Well, politically, housing becoming cheaper is considered a failure. And this is true for all ages. As an example, take Reddit. Skews younger, more Democrat-voting, etc. You'd think they'd be for lower housing prices. But not really. In fact, they make fun of states like Texas whose cities act to allow housing to become cheaper: https://www.reddit.com/r/LeopardsAteMyFace/comments/1nw4ef9/...

That's just an example, but the pattern will easily repeat. One thing that came out of the post-pandemic era is that the lowest deciles saw the biggest rises in income. Consequently, things like Doordash became more expensive, and stuff like McDonald's stopped staffing as much.

This isn't some grand secret, but most Americans who post on Twitter, HN, or Reddit consider the results some kind of tragedy, though it is the natural thing that happens when people become much higher income: you can't hire many of them to do low-productivity jobs like bus a McD's table.

That's what life looks like when others get richer relative to you. You can't consume the fruits of their labor for cheap. And they will compete for you with the things that you decided to place supply controls on. The highly-educated downwardly-mobile see this most acutely, which is why you see it commonly among the educated children of the past elite.

mlrtime 2 days ago | parent [-]

Thank you, I've replied too many times that if people want low priced housing, it's easily found in Texas. The replies are empty or stating that they don't want to live there because... it's Texas.

So the young want cheap affordable housing, right in the middle of Manhattan, never going to happen.

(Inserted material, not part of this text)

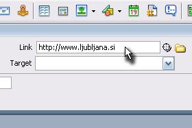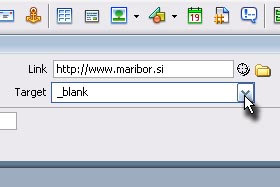 Spodaj v polje Target pa preko vmesnika določite _blank, kar pomeni, da se bo spletna povezava odprla v novem oknu. |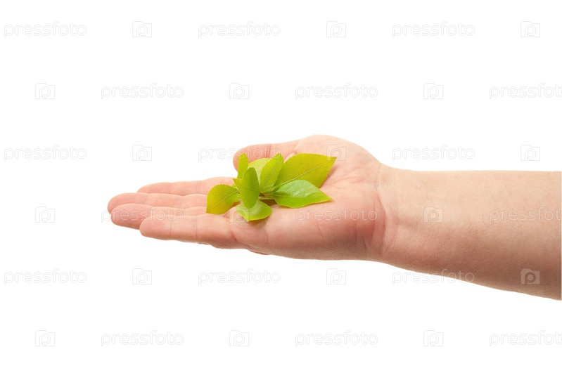 Зеленый росток в руке на белом фоне

baq 2 days ago | parent [-]

Don’t blame people they want to live close to where the good jobs are.

samdoesnothing 2 days ago | parent | prev | next [-]

It's inflation, simple as that. The US left the gold standard at the exact same time that productivity diverged from wages. Coincidence? No.

Pretty much everything gets more expensive, with the outliers being tech which has gotten much cheaper, mostly because the rate at which it progresses is faster than the rate at which governments can print money. But everything we need to survive, like food, housing, etc, keeps getting more expensive. And the asset class get richer as a result.